The PDS5 protein, formally Cohesin Associated Factor PDS5, is a fundamental component in human cells. It helps maintain cellular structure and manage genetic material. PDS5 contributes to fundamental cellular processes, ensuring genetic stability. Without it, cells struggle to maintain integrity and accurately pass on genetic information.
Understanding PDS5
PDS5 works with the cohesin complex, a larger molecular assembly. The cohesin complex consists of four main subunits: Smc1, Smc3, Scc1 (Rad21), and SA1 or SA2 (Scc3 or Stag). This complex forms a ring-like structure that holds sister chromatids together after DNA replication. PDS5 interacts with cohesin, binding to the Scc1 subunit, and its chromosomal presence depends on cohesin.
PDS5 is found predominantly in the cell’s nucleus. Humans have two versions, PDS5A and PDS5B, with overlapping and unique roles in regulating cohesin. PDS5 is a hook-like molecule with repeated structural motifs called HEAT repeats, important for protein interactions.
How PDS5 Orchestrates Cellular Processes
PDS5 plays a multifaceted role in cellular processes, extending beyond its association with cohesin. It ensures accurate chromosome segregation, regulates gene expression, and contributes to DNA repair mechanisms. PDS5 works with other proteins, like WAPL and Sororin, to modulate how long cohesin remains attached to chromosomes.
The protein helps guarantee sister chromatid cohesion, keeping duplicated chromosomes linked until they separate during cell division. PDS5 influences cohesin stability on chromosomes, affecting its maintenance and efficient removal during mitosis. It promotes the acetylation of the Smc3 cohesin subunit, a modification that helps stabilize cohesin on chromatin following DNA replication.
PDS5 contributes to regulating gene expression by influencing the three-dimensional organization of the genome. It co-localizes with genomic architectural proteins like RAD21 and CTCF at DNA loop anchors. PDS5 can restrict the expansion of chromatin loops formed by cohesin, which bring distant parts of the genome together and influence gene activity.
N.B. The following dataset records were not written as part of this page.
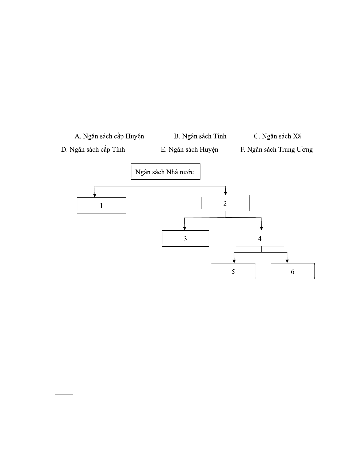 Câu 2: Sắp xếp các đáp án sau vào vị trí tương ứng trên sơ đồ Hệ thống ngân sách nhà nước Việt Nam. Đáp án: F-B-D-E-A-C
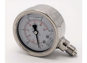 - Tlakoměr je vyroben z nerezové oceli materiál pouzdra AISI 304, materiál závitu AISI 316. Snímacím zařízení je Bourdonova nerezová pružina.
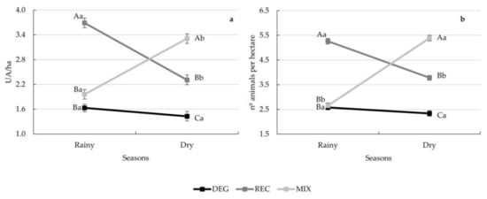 Decomposition of the treatment × season interaction for stocking rate expressed as UA per hectare (a) and as number of animals per hectare (b) in the different pasture-based systems during the experimental period. Different capital letters indicate statistical differences among treatments in the same season, while different lowercase letters indicate statistical differences between seasons for each treatment by Fisher’s test (p < 0.05). Vertical bars represent the standard error of the means.
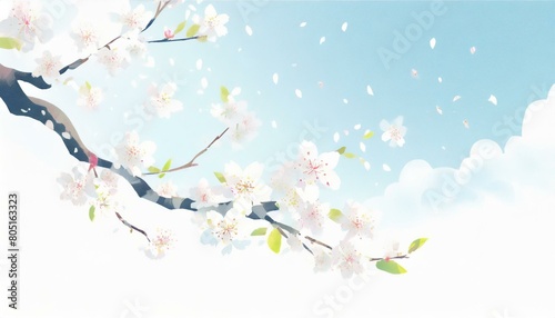 Fototapeta premium 清涼感、明るめの白い背景、くっきり、青空、舞う、美しい桜を描くイラスト generated by AI
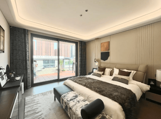 户型设计注重空间感与舒适度,层高约3.15-3.3米,横厅宽度达5.8-6.5米,主卧采用套房式设计,搭配大面积景观阳台,采光、通风与视野俱佳。叠墅产品平墅开间约19.2-22.8米,地下空间合理利用,满足多元生活需求。
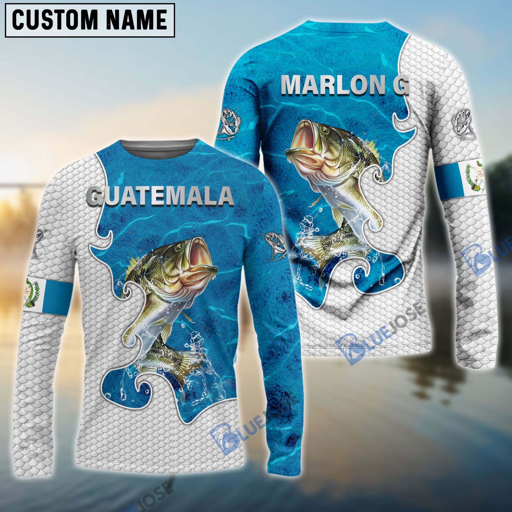 BlueJose Customize Name Bass Fishing Guatemala Flag Blue Water 3D Shirt
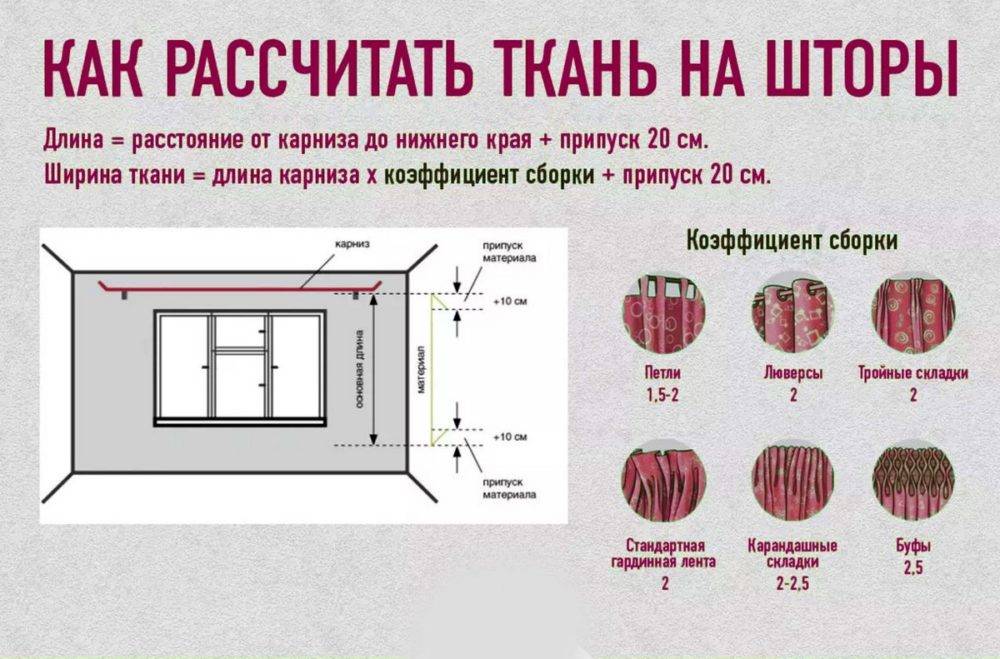 Сколько ткани нужно на шторы. Расчёт расхода ткани для штор

PDS5A and PDS5B regulate both shared and distinct sets of genes, impacting transcription through enhancer-promoter interactions.
The protein also contributes to DNA repair by protecting replication forks. When DNA replication stalls, PDS5 proteins recruit DNA repair proteins such as BRCA2, RAD51, and WRNIP1 to the stalled forks. Without PDS5, nascent DNA strands at unprotected forks can be degraded, compromising genome integrity.
The Impact of PDS5 on Health
When PDS5 does not function correctly, it can lead to various human health conditions, particularly developmental disorders and cancer. Mutations in genes encoding cohesin subunits or their regulators, including PDS5, are associated with cohesinopathies, a group of developmental disorders.
One notable cohesinopathy linked to PDS5 dysfunction is Cornelia de Lange Syndrome (CdLS). While mutations in NIPBL, SMC1A, and SMC3 are more commonly identified in CdLS, PDS5’s role as a cohesin regulator means its dysfunction can contribute to the syndrome’s symptoms. CdLS is characterized by distinctive facial features, growth and intellectual delays, and limb malformations. Altered gene expression from cohesin dysfunction, influenced by PDS5, is thought to underlie these developmental deficits.
PDS5 also has a role in cancer development and progression, primarily through its effects on genome stability and gene regulation. PDS5 proteins protect replication forks from degradation; defects can lead to genomic instability, a hallmark of many cancers. PDS5A is upregulated in some cancers, and its depletion can inhibit cell cycle progression. The protein’s involvement in regulating cohesin dynamics and chromatin structure suggests its dysregulation can contribute to uncontrolled cell growth.